Federal practice, however, does not follow the “cause of action” model, which includes a theory of recovery as part of what a plaintiff must plead.FN2 It must be remembered that Rule 12(b) (6) speaks in terms of “failure to state a claim upon which relief can be granted” (emphasis added)—and on that score this Court commends to counsel a reading of Judge Easterbrook’s pellucid opinion in NAACP v. Am. Fam. Mut. Ins. Co., 978 F.2d 287, 291–93 (7th Cir.1992).FN3

FN2. Unsurprisingly, Attarian’s lawyer consistently employs the incorrect “cause of action” vocabulary throughout the current motion.

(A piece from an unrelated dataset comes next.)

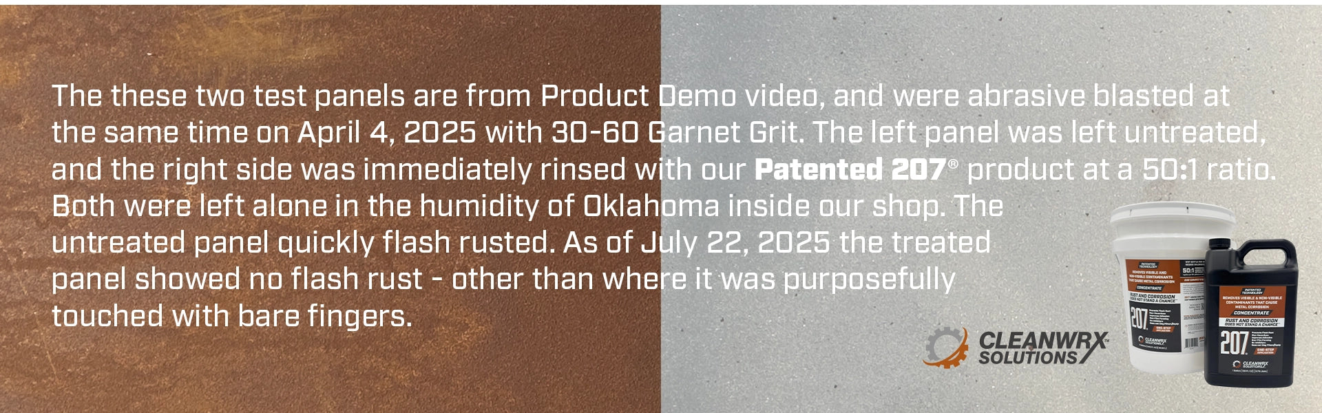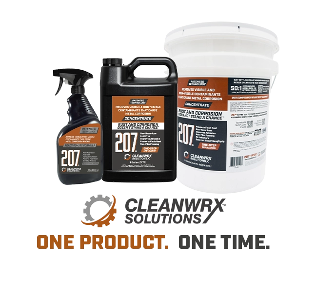 Once cleaned surfaces should be coated to avoid contamination of the newly cleaned surface. Surfaces that have been cleaned utilizing 207® will typically resist flash rusting for a period of 72 or more hours, however, it is prudent to coat surfaces as quickly as possible after cleaning.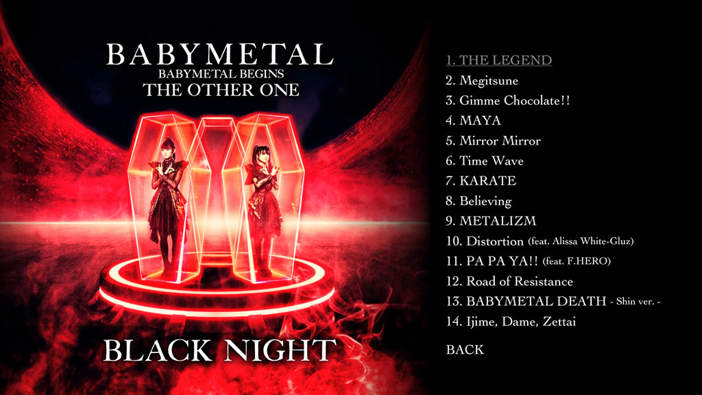 4月1日(土)の「BLACK NIGHT」からは、3月に発売されたコンセプトアルバム「THE OTHER ONE」より新曲5曲(「MAYA」、「Mirror Mirror」、「Time Wave」、「Believing」、「METALIZM」)のライブ初披露の模様を収録。

FN3. That opinion is far from alone in making the distinction spoken of here. It is simply, in this Court’s view, the most articulate.

What the matter boils down to is that if Ocean Beauty has a claim against Landstar or Attarian or both under the Carmack Amendment, it retains its place here in the federal court system. To be sure, its counsel will have to reframe the language of the Complaint if Attarian’s total preemption point is correct, but the congeries of facts alleged in the Complaint appears to state a Carmack Amendment claim (Attarian’s motion gives no indication, and this Court expresses no view, as to the possible existence of any flaw in a claim under the Carmack Amendment). In the interim, then, Attarian’s motion is denied.